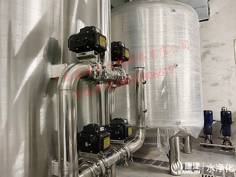 工藝流程:井水-原水箱-原水泵-石英砂過濾器-活性炭過濾器-阻垢裝置-保安過濾器-雙級(jí)反滲透設(shè)備-無菌水箱
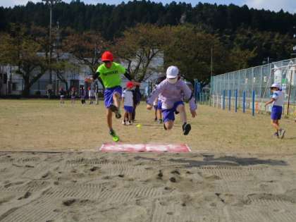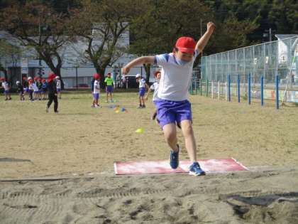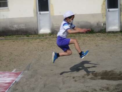 走り幅跳びの難しさに踏み切りを合わせることがありますが、今日の練習ではマットを使い、スピードをつけて大きく跳ぶことに主眼を置いて練習しました。
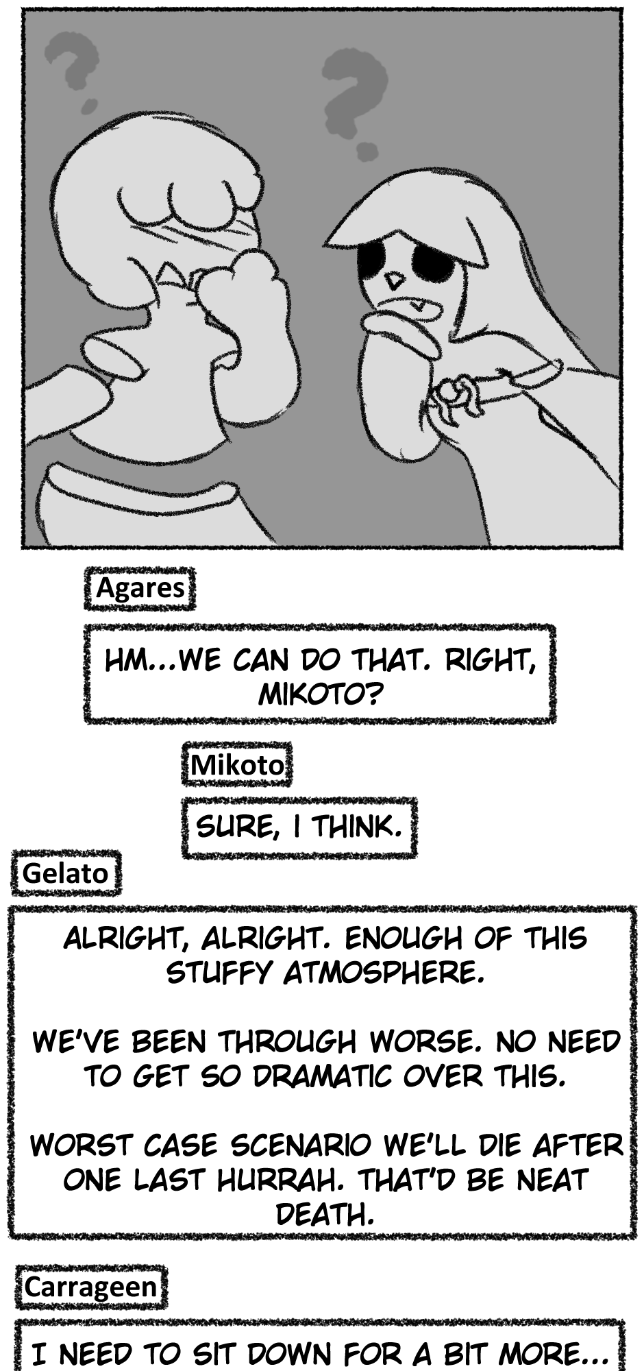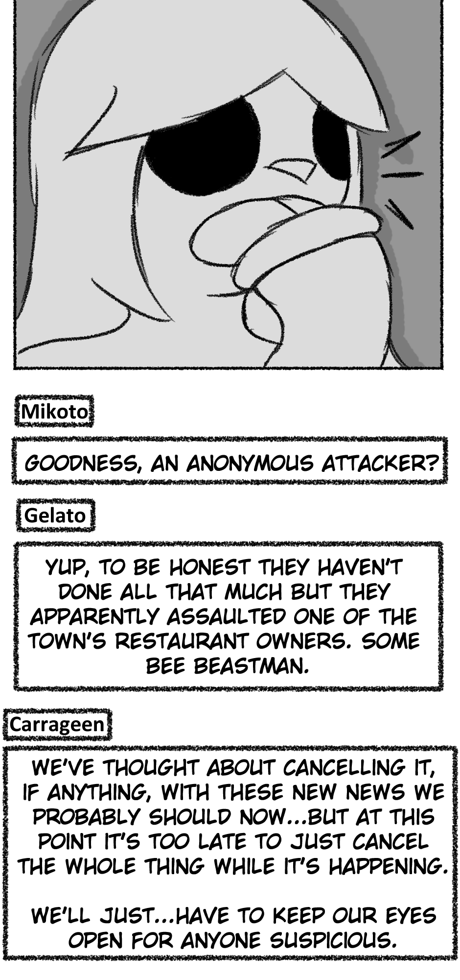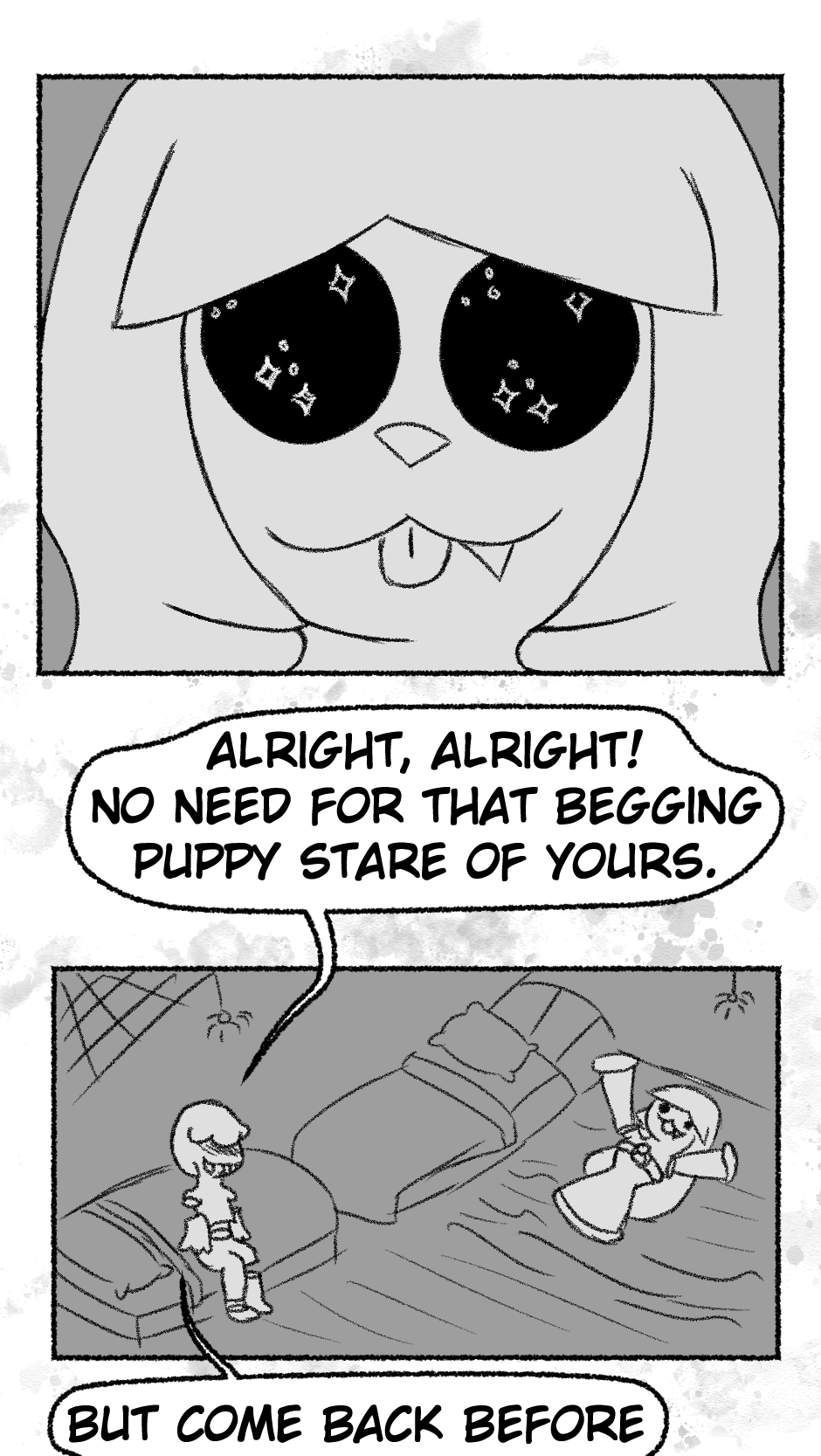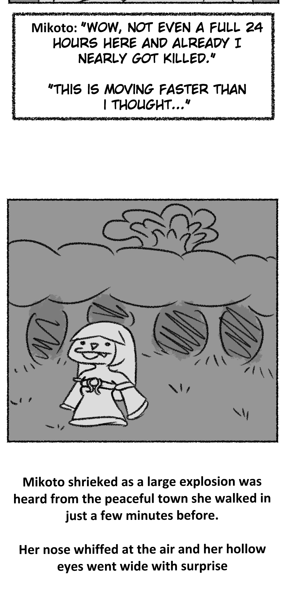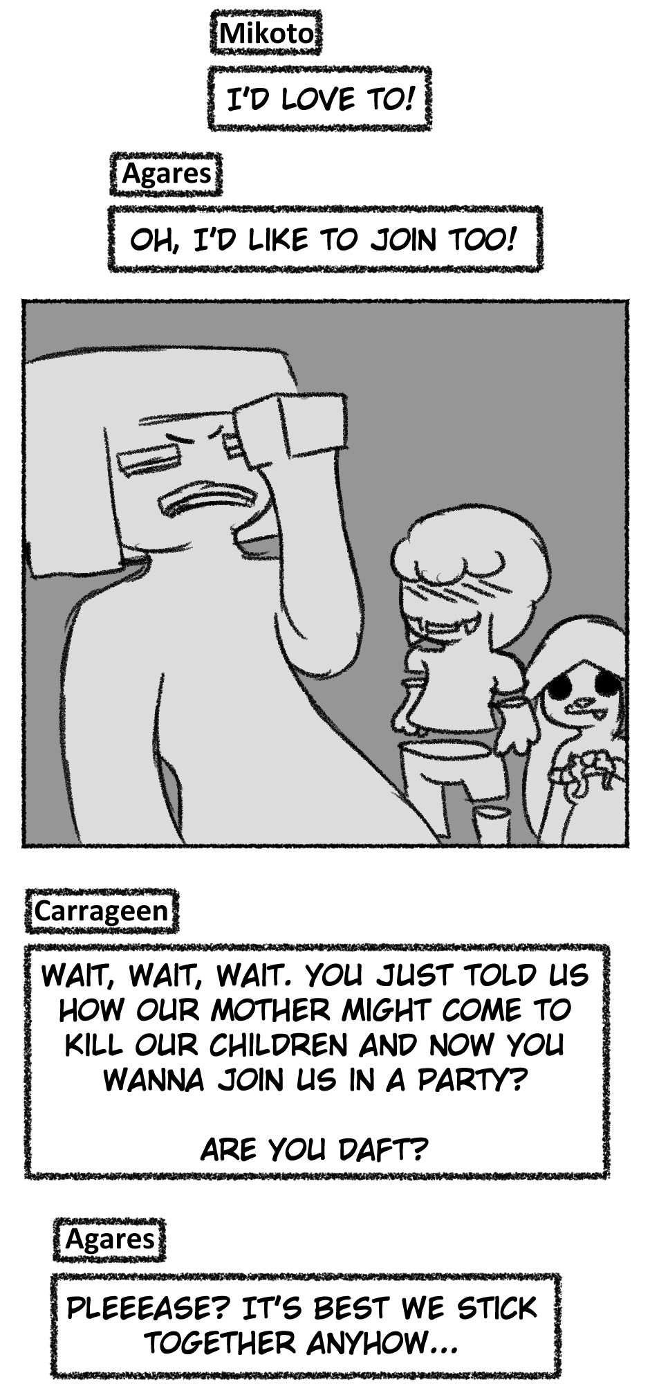 This one is...So messy. I didn't figure out anything about the story, I didn't even have a script. I just drew whatever based off loose thoughts in my head.
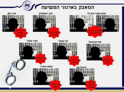 כחלק מהמצגת שהפיקה המשטרה, תחת הכותרת "המאבק בארגוני הפשיעה" - הוצגו צלליות שלידן שמות ראשי ארגוני הפשע שנמצאים מאחורי סורג ובריח, בהם זאב רוזנשטיין, יצחק ומאיר אברג'יל, אסי אבוטבול, שלום דומרני ועמיר מולנר. לצדן נכתבו הפרטים, כמו "ראש הארגון במאסר", "5 ראשי הארגון בהליכי הסגרה", "6 עצורים עד תום ההליכים".

### [WORK TO COMPLETE]
Print, exactly as written, the lines above from the first one to the one containing "This one is...So". Leave out pictures.

### [RESPONSE AREA]
 工藝流程:井水-原水箱-原水泵-石英砂過濾器-活性炭過濾器-阻垢裝置-保安過濾器-雙級(jí)反滲透設(shè)備-無菌水箱
 走り幅跳びの難しさに踏み切りを合わせることがありますが、今日の練習ではマットを使い、スピードをつけて大きく跳ぶことに主眼を置いて練習しました。
 This one is...So messy. I didn't figure out anything about the story, I didn't even have a script. I just drew whatever based off loose thoughts in my head.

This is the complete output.